Rep. Kevin Cramer and Sen. Heidi Heitkamp held their first debate last Thursday. With the Nov. 6 vote for U.S. Senate a little over two weeks away, the candidates showed how they differ and where they stand on some of the key issues. The following is a recap of some of the main talking points.
Heitkamp used her opening statement to apologize for a newspaper ad that named several women who either did not give the senator permission to use their name or didn’t experience sexual assault at all.
“I not only disappointed many North Dakotans, but also myself,” Heitkamp said. The senator noted that the action was not acceptable and stated her apologies. Heitkamp used most of her first two minutes discussing the misstep. “I want so much to get back to work for the state … but I cannot begin this debate without acknowledging this grave and horrible error.”
Cramer used his first two minutes to thank the audience and urge all who were watching to vote in the upcoming election.
Cramer made the point that Heitkamp and himself were voted in on the same day, which gives North Dakotans the unique ability to judge them side-by-side. “Based on six years, serving the same people, serving on the same Congress, voting on many of the same bills,” Cramer said.
The first question to candidates was whether they would vote to allow insurance companies to limit coverage based on pre-existing conditions.

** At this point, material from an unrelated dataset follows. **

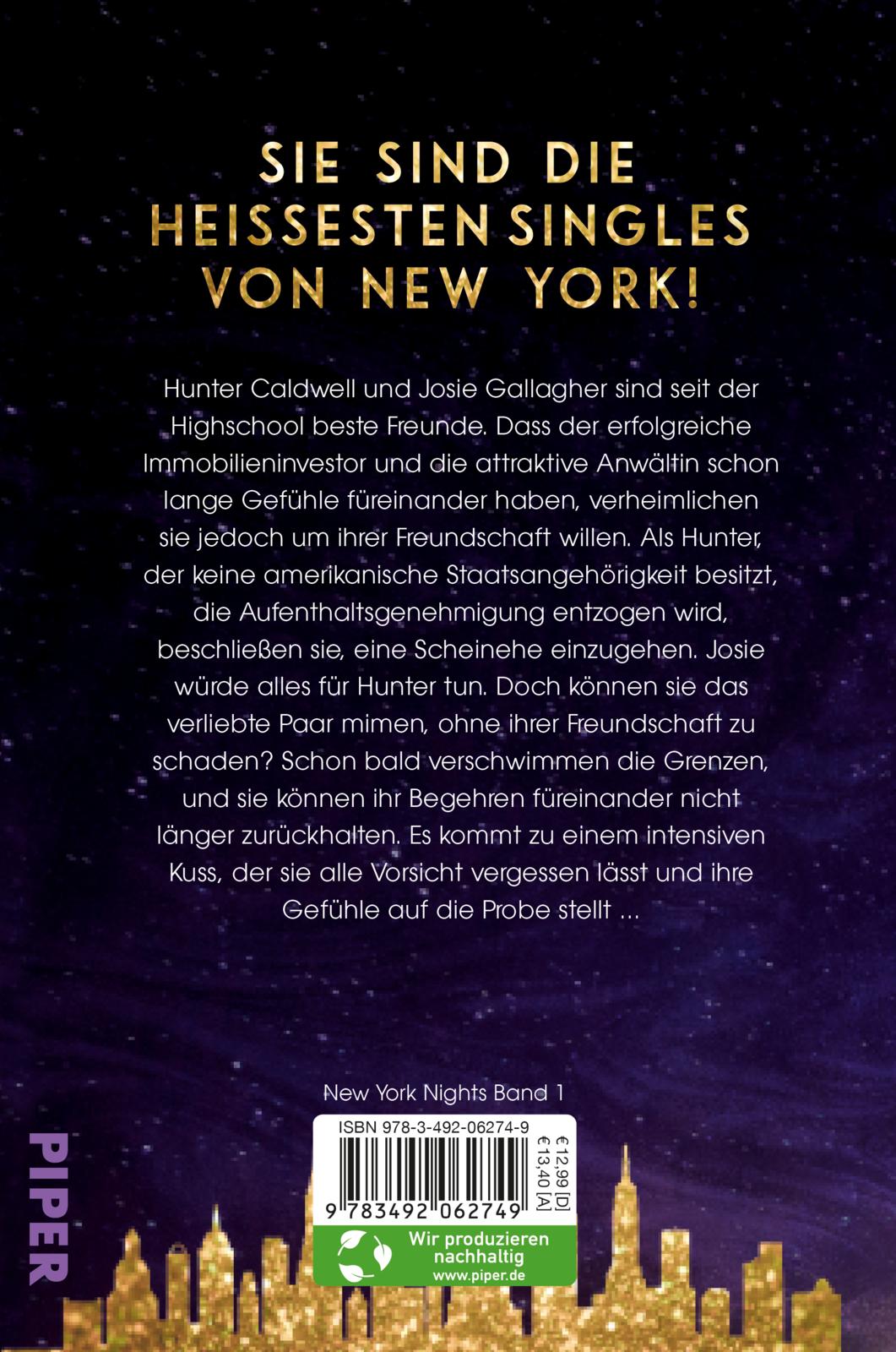 - Beschreibung Das sind die attraktivsten Singles von New York!Josie und Hunter sind seit der Highschool beste Freunde. Dass die ehrgeizige Anwältin und der erfolgreiche Investor seit Jahren Gefühle füreinander haben, verheimlichen sie um ihrer Freundschaft willen. Als dem gebürtigen Engländer das Visum entzogen werden soll, beschließen sie, für drei Jahre eine Scheinehe einzugehen, um Hunter eine Greencard zu besorgen. Doch können sie das verliebte Paar mimen, ohne ihrer Freundschaft zu schaden? Schon während der Hochzeitsreise verschwimmen die Grenzen und ihr Begehren füreinander wächst. Es kommt zu einem Kuss, der sie alle Vorsicht vergessen lässt …Verführerisch, leidenschaftlich, sexy – Nach den »Flowers of Passion« und den »Diamonds for Love« meldet sich Bestsellerautorin Layla Hagen mit einer neuen Romance-Reihe zurück!»Einmal angefangen, kann man Layla Hagens Bücher nicht mehr zur Seite legen.« Geneva Lee, Autorin der »Royals«-Serie Alle Bände der »New York Nights«: Band 1: City of Love – Hunter & Josie Band 2: City of Dreams – Heather & Ryker Band 3: City of Hearts – Robert & Skye Band 4: City of Promises – Laney & Cole Band 5: City of Kisses – Tess & Liam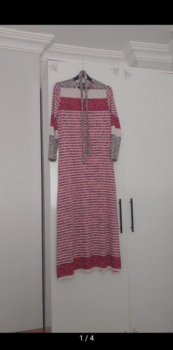 Uzun kollu, bol kesim elbise, tekne yakalı ve çizgili batik desenli, örme dokulu, gri ve çok renkli.SIFIR ürün

“I would not, and I have not,” Cramer said. “Obamacare has been an unmitigated disaster for this country and especially North Dakota.” Cramer made the point that young people now can’t afford coverage, thus leaving them out of the risk pool, and ultimately raising the cost of insurance for all. Cramer later said he has pledged to maintain coverage for pre-existing conditions.
Heitkamp again stated her support for coverage of pre-existing conditions, adding she’d like to expand Medicaid. However, her response included an attack of Cramer.
“It is an incorrect statement for Congressmen Cramer to say he has not ever voted for a bill that would eliminate federal protections for pre-existing conditions and all the things you listed,” Heitkamp said. “He voted five times to repeal the Affordable Care Act.”
Cramer responded, saying that the Affordable Care Act was unaffordable for younger couples.
Taking time to read from his phone the Republican bill he voted for, Cramer recited: “Nothing in this act shall be construed as permitting health insurance companies to limit access to health coverage for applicants with pre-existing conditions, unambiguous.”
Trade war and tariffs for North Dakotan farmers
“Fight, fight, fight for our farmers,” Heitkamp said, noting that she knew the tariffs and the trade war would hurt North Dakotans.
“I used to say I was the chief bitcher about these tariffs because they are so wrong for North Dakota,” Heitkamp said. “We have spent 30 years building a market; we’re going to lose it in a year.” Heitkamp noted that the tariffs may have exposed North Dakota as being too reliant on China. However, she reiterated that the trade war is hurting one of North Dakota’s cash crops, soybeans.
“The best way to end a trade war quickly is to be unified on our side,” Cramer said, citing that North Dakota had created new deals with many countries. However, Heitkamp partially rejected his statement, saying that the European Union is pulling out of the new deal and Japan’s new deal does not include agriculture.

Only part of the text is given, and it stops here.